The students’ work was by no means a pristine example of shinning grammar and literary skills  – the misspelt word “cockaroach” incited an especially sympathetic laughter from the crowd – but as Bitz proceeded to explain, “Eighty percent of the children we work with do not have English as their first language. The fact that they are able to produce such complex plots and structures in English is a impressive.”

“I remember working with a group of students from the former Martin Luther King Jr. High School [at 122 Amsterdam Ave.] when the project began,”  Bitz said in an interview before the panel. “These students were misunderstood by their teachers, but their fascination for Manga comic books was so impressive and so deep that they developed masterful plots and analytical capabilities.”

“One of the most memorable moments for me throughout this whole project was when the manga high students went to a book signing at an actual book store and were treated as real published authors. Their faces lit up as they realized “whoa, we are famous!” Bitz added.

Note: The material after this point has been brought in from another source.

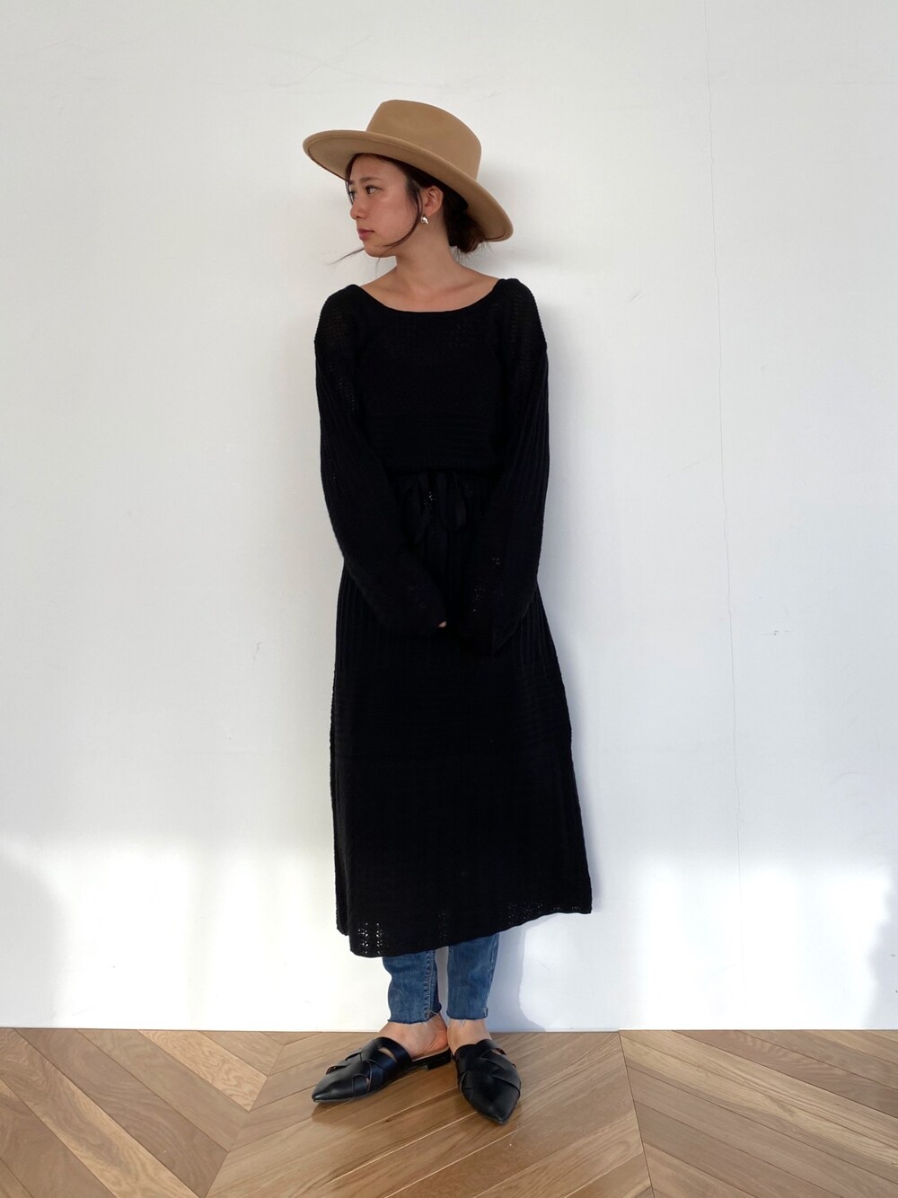 ちーかまのワンピース「透かし編みパッチワークロングワンピース」を使ったコーディネート

By its 10-year anniversary, the comic project has successfully been adopted by over 200 schools around the country. That said, a number of roadblocks to the project’s development still remain. “It is hard to convince teachers and principals to adopt something labeled as radical,” Bitz explained.  “The challenge for more traditional teachers sometimes is also giving children the power to interpret stories in their own ways.”

At the end of the panel, Andrew 0’Connor, a U.S. history teacher at the Northern Valley Regional High School in Old Tappan, N.J, approached co panelist Charlie LaGreca to discuss his own experiences with the project, “I have been teaching since 1974 and 20 percent of what I do in class is comic related,” he said.

O’Connor’s methods involve assigning comic book illustrations of important events in history as homework for his students, he explained. “At one point, I had them read the Boy Commandos comics to illustrate WWI American propaganda at the time,” he said. “I am very happy with the results of my students.”

“People may choose to buy our model online but oftentimes they look it up and create their own versions of it themselves. And we love that too,” Bitz explained. “With our endeavor to develop a whole range of creative options for teachers and students, I really hope we can demonstrate that you can learn how to use a semicolon using creative methods, and that creative strategies are so much better than having a list of ten questions on a worksheet.

“The ultimate aim for us is to have this be a large part if the history curriculum, or the science curriculum, or the English curriculum!” he added.